Word of advice on the raw shrimp method, since I've done it several times before ... your ammonia is probably off the charts if you're seeing a bloom, and you should take the shrimp out now or you'll actually stall the cycle.


----------



## bluestems (Feb 7, 2012)

I keep a container of de-chlorinated water that I use for small daily top-offs.


----------



## pwolfe (Mar 2, 2011)

I keep a milk jug for my tanks top offs. I treat with prime and let it get to room temp before using it.


----------



## Couesfanatic (Sep 28, 2009)

You may kill a very small amount of bacteria, but not enough to notice anything. I did it for a while and had no effects. But you really should be topping off with RO water.
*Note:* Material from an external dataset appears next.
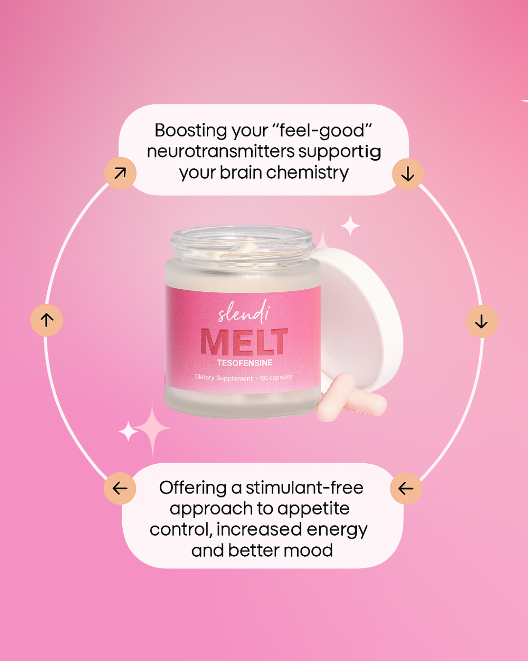 Slendi is your glow-up in a bottle. Powered by real science (hello, tesofensine) and made for women who are done playing small, we’re here to boost your energy, sharpen your focus, and help you feel like you, but with main character energy. No crash diets. No crazy promises. Just smart, feel-good support to help you stay that girl effortlessly.

Your water hardness will go up if you top off with tap, unless you are keeping on top of your water changes with ro or some form. 

That water that evaporates out is pure, so should the water going back in.


----------



## Cinbos (Dec 8, 2012)

Good thread, always thought about this. I heard letting water sit out for 24 hours without dosing dechlorinator is also fine. I haven't done this myself, but does anyone know if there is any truth to that?


----------



## tekkguy (Jan 3, 2013)

Cinbos said:


> Good thread, always thought about this. I heard letting water sit out for 24 hours without dosing dechlorinator is also fine. I haven't done this myself, but does anyone know if there is any truth to that?


If your water department uses chlorine, it's fine. If they use chloramine (as more of them are now), it doesn't matter how long the water sits out. You need a product. Why take the risk?


----------



## Cinbos (Dec 8, 2012)

tekkguy said:


> If your water department uses chlorine, it's fine. If they use chloramine (as more of them are now), it doesn't matter how long the water sits out. You need a product. Why take the risk?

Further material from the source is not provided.